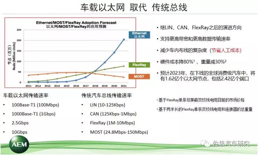 傳統(tǒng)的汽車總線用的非常好,為什么會被以太網(wǎng)技術(shù)所取代呢?我個人認為有兩大驅(qū)動力,第一是成本。大家可以看到,采用以太網(wǎng)技術(shù)的線束或者是車內(nèi)布線,它的復(fù)雜度會降低,線束的數(shù)量會減少,所節(jié)約下來的無論是硬件成本還是人工成本,都是非常顯著的。數(shù)量減少以后,線束的總重量也會降低。這里有兩個量化數(shù)據(jù),一個是硬件成本降80%、一個是重量減30%,兩個數(shù)據(jù)分別來自于兩個技術(shù)報告,也是來自于互聯(lián)網(wǎng)。第二個驅(qū)動力是技術(shù)層面,車載以太網(wǎng)技術(shù)能夠提供更高的傳輸速率。
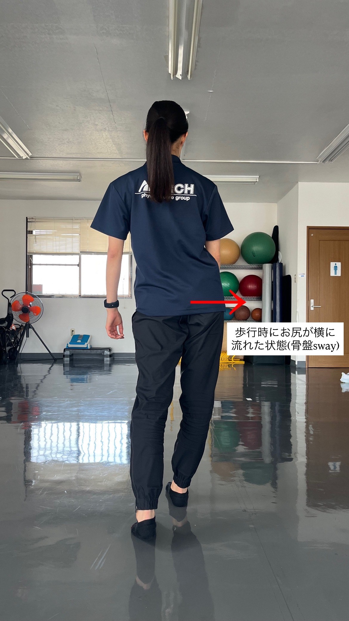 歩行時にお尻の筋肉の機能が低下していると片足で支えきれずに外
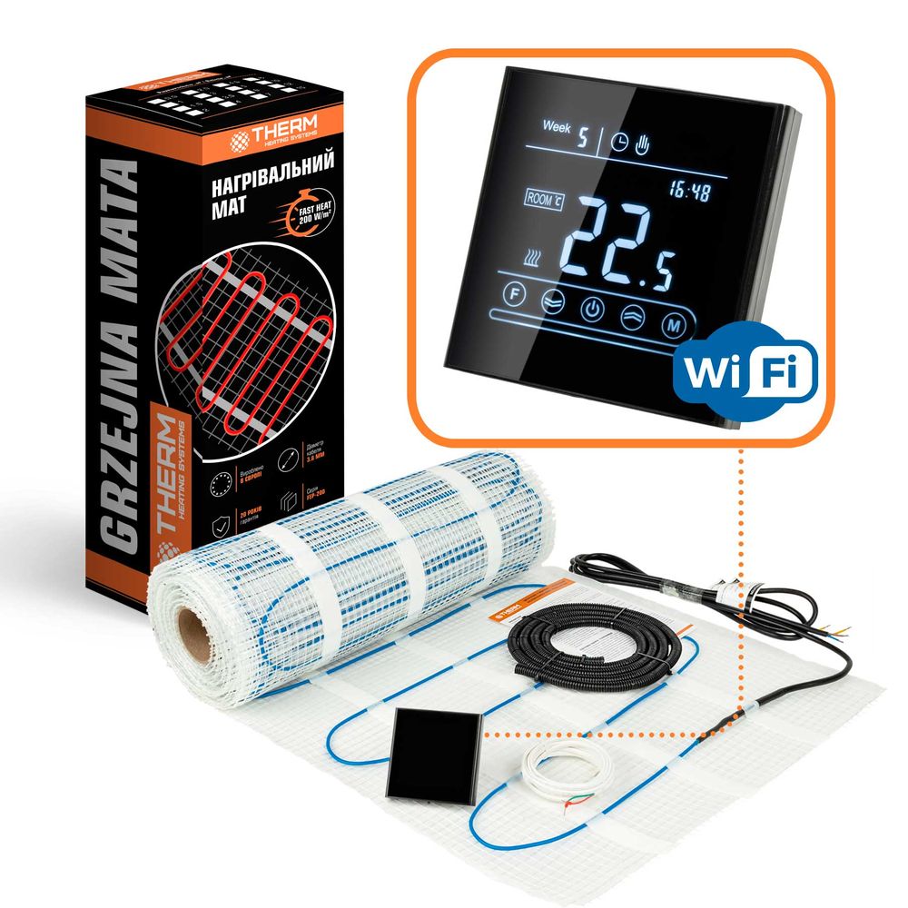 двухжильный нагревательный мат Therm FEP-200W + сенсорный программируемый WiFi терморегулятор

» **Exercise brief**
Your answer should copy the listing word for word, with no pictures in it.

» **Exercise output**
 傳統(tǒng)的汽車總線用的非常好,為什么會被以太網(wǎng)技術(shù)所取代呢?我個人認為有兩大驅(qū)動力,第一是成本。大家可以看到,采用以太網(wǎng)技術(shù)的線束或者是車內(nèi)布線,它的復(fù)雜度會降低,線束的數(shù)量會減少,所節(jié)約下來的無論是硬件成本還是人工成本,都是非常顯著的。數(shù)量減少以后,線束的總重量也會降低。這里有兩個量化數(shù)據(jù),一個是硬件成本降80%、一個是重量減30%,兩個數(shù)據(jù)分別來自于兩個技術(shù)報告,也是來自于互聯(lián)網(wǎng)。第二個驅(qū)動力是技術(shù)層面,車載以太網(wǎng)技術(shù)能夠提供更高的傳輸速率。
 歩行時にお尻の筋肉の機能が低下していると片足で支えきれずに外
 двухжильный нагревательный мат Therm FEP-200W + сенсорный программируемый WiFi терморегулятор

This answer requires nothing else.